10 Which activation functions are prone to vanishing gradient? Why? 📊 Medium
Answer: Sigmoid and Tanh – gradients near 0 for large |x|. ReLU variants avoid left saturation. However, ReLU can have dead neurons; ELU/Swish have small negative gradients but not zero.
11 What activation function for regression output? ⚡ Easy
Answer: Linear (identity). No activation or f(x)=x. Allows unbounded values. For positive-only regression, use ReLU or Softplus.
12 What is Softplus? Relation to ReLU? ⚡ Easy
Answer: Softplus = ln(1+eˣ). Smooth approximation of ReLU. Used in some variational autoencoders (variance). Never zero, but computationally heavier.
13 Output activation for binary classification? ⚡ Easy
Answer: Sigmoid (single unit). Gives probability P(y=1). Loss: binary cross-entropy.
14 Activation for multi-label classification? 📊 Medium
Answer: Sigmoid per output (independent probabilities). Not softmax (which forces one class). Use sigmoid + binary cross-entropy.
15 Why not use step function as activation? 📊 Medium
Answer: Step function derivative is 0 everywhere (except discontinuity). Gradient descent can't learn. Need differentiable (or subgradient) functions.

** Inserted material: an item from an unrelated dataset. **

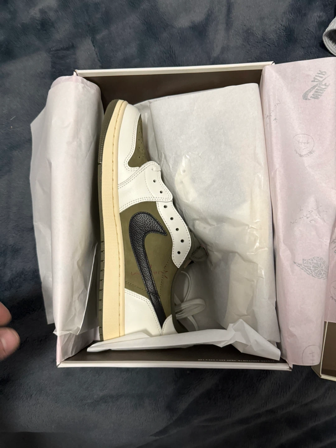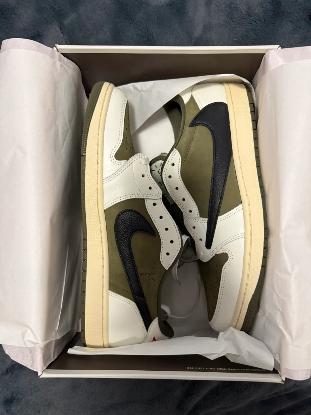 These are the Nike Air Jordan 1 Low OG SP Travis Scott sneakers in the Olive colourway. They come with their original box and packaging paper. A classic collaboration for any sneaker enthusiast!

16 Why is zero-centered activation desirable? 🔥 Hard
Answer: If activations are always positive (sigmoid, ReLU), gradients of weights for a given neuron are all same sign. This can cause zig-zagging updates and slower convergence. Zero-centered (tanh) avoids this.

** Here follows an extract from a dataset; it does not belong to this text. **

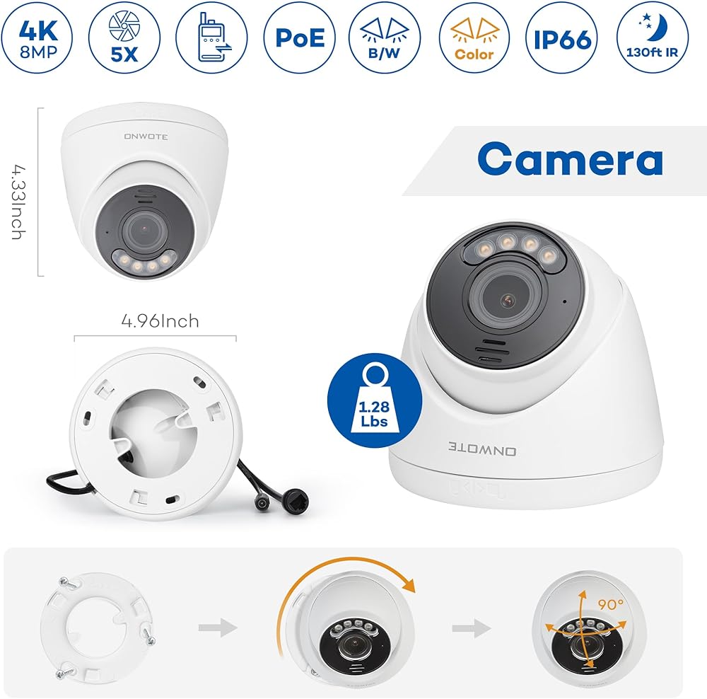 ONWOTE 5X Optical Zoom 4K 8MP PoE Security Camera, 2.7-13.5mm Motorized Varifocal Lens, Auto Focus, 2 Way Audio, AI Detection Trigger Color Night Vision, Outdoor Commercial Wired Camera for Business

17 Write derivative of ReLU and Leaky ReLU. 📊 Medium
ReLU': 1 if x>0 else 0. Leaky ReLU': 1 if x>0 else α (e.g., 0.01)
18 Which activations are used in RNNs/LSTMs? Why? 📊 Medium
Answer: LSTM: sigmoid for gates (0-1 control), tanh for cell/ hidden updates. Prevents exploding gradient via gating. Modern RNNs sometimes use ReLU with careful init.
19 What is Maxout activation? Pros/cons? 🔥 Hard
Answer: Maxout: takes max of k linear combinations. Can approximate any convex function. No vanishing gradient, but doubles parameters. Rarely used today.
20 Heuristic: which activation for hidden layers? ⚡ Easy
Answer: Default: ReLU. If dying ReLU, try Leaky ReLU/ELU. For very deep nets: Swish/GeLU. For regression head: linear. For self-normalizing nets: SELU.
ReLU → Leaky ReLU → ELU → Swish (increasing complexity)

Activation Functions – Interview Cheat Sheet

Output layers
  • Binary Sigmoid
  • Multi-class Softmax
  • Multi-label Sigmoid (per unit)
  • Regression Linear
Vanishing gradient
  • Sigmoid, Tanh (avoid hidden layers)
Hidden units
  • 1st ReLU (fast, sparse)
  • 2nd Leaky ReLU / ELU
  • 3rd Swish / GeLU (SOTA)
Dying ReLU fix
  • Leaky ReLU, PReLU, ELU

Verdict: "ReLU first, then tune. Know your gradients!"